WHAT THE EXERCISE ASKS -> Below is a listing with pictures in it; transcribe exactly the lines from the one that has "Grüner Punkt - beantragter" through the one that has "Abbildung 3: Kriterien", and omit those pictures.

*** INFORMATION ***

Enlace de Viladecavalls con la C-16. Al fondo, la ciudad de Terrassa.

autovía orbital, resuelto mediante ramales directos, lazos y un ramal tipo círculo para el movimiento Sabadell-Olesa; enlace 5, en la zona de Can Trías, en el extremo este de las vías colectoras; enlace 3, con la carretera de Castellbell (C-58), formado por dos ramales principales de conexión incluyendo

*** End of INFORMATION ***
*** INFORMATION ***

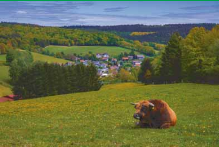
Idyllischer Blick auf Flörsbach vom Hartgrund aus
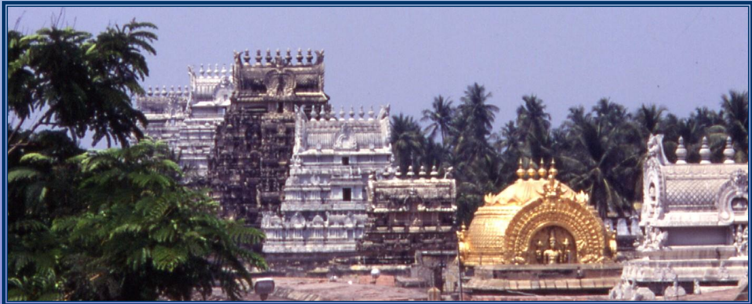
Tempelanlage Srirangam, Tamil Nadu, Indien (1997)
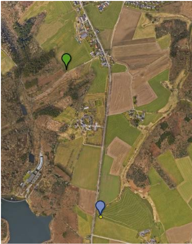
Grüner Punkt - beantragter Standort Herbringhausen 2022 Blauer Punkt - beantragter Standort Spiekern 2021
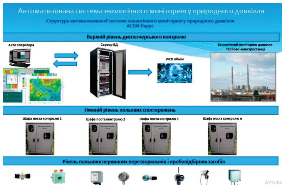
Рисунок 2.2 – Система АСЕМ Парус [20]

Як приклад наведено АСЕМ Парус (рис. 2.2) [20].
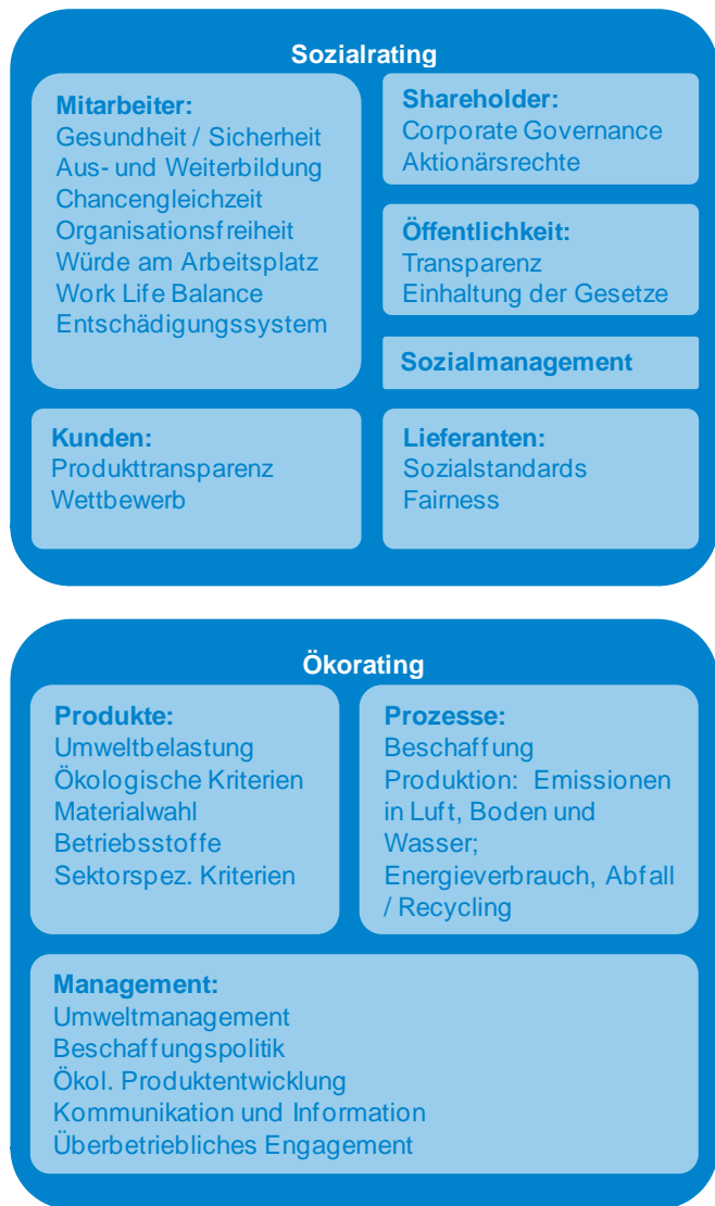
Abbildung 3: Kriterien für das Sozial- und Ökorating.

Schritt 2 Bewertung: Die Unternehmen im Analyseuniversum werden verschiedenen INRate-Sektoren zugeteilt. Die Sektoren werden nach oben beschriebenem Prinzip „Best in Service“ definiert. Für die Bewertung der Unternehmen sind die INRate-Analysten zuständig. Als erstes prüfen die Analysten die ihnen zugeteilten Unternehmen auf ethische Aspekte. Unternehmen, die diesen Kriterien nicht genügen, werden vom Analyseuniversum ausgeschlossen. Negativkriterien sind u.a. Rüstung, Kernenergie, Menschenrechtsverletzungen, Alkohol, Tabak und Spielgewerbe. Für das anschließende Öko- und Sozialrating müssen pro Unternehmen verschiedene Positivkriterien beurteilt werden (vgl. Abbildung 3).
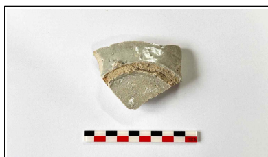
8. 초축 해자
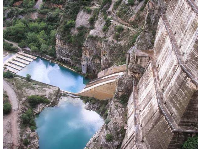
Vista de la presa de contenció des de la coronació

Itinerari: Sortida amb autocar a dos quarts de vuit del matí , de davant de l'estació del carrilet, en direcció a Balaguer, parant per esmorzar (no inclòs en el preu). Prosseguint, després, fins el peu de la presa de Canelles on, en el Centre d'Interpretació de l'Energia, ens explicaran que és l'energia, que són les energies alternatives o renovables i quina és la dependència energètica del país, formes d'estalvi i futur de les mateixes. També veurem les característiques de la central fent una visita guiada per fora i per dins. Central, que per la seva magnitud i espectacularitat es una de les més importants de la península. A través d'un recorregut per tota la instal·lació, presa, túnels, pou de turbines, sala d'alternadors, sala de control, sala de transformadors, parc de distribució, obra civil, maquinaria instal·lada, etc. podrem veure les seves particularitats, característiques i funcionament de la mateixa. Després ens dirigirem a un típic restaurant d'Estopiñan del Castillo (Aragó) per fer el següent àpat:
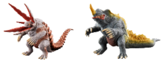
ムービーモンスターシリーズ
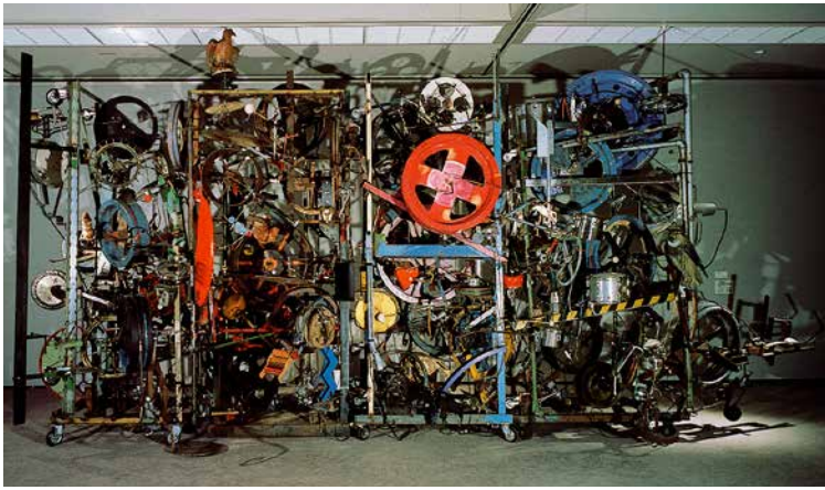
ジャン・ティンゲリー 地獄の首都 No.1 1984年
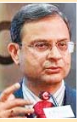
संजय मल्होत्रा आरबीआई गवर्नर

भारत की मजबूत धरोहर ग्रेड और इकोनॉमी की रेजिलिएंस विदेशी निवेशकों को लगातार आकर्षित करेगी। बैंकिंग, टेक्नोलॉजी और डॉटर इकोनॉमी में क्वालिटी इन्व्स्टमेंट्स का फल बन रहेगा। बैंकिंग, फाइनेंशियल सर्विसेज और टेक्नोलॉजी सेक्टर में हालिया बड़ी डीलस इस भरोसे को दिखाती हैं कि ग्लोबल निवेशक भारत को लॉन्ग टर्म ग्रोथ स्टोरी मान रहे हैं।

*** End of INFORMATION ***

SOLVED EXERCISE ->
Grüner Punkt - beantragter Standort Herbringhausen 2022 Blauer Punkt - beantragter Standort Spiekern 2021
Рисунок 2.2 – Система АСЕМ Парус [20]

Як приклад наведено АСЕМ Парус (рис. 2.2) [20].
Abbildung 3: Kriterien für das Sozial- und Ökorating.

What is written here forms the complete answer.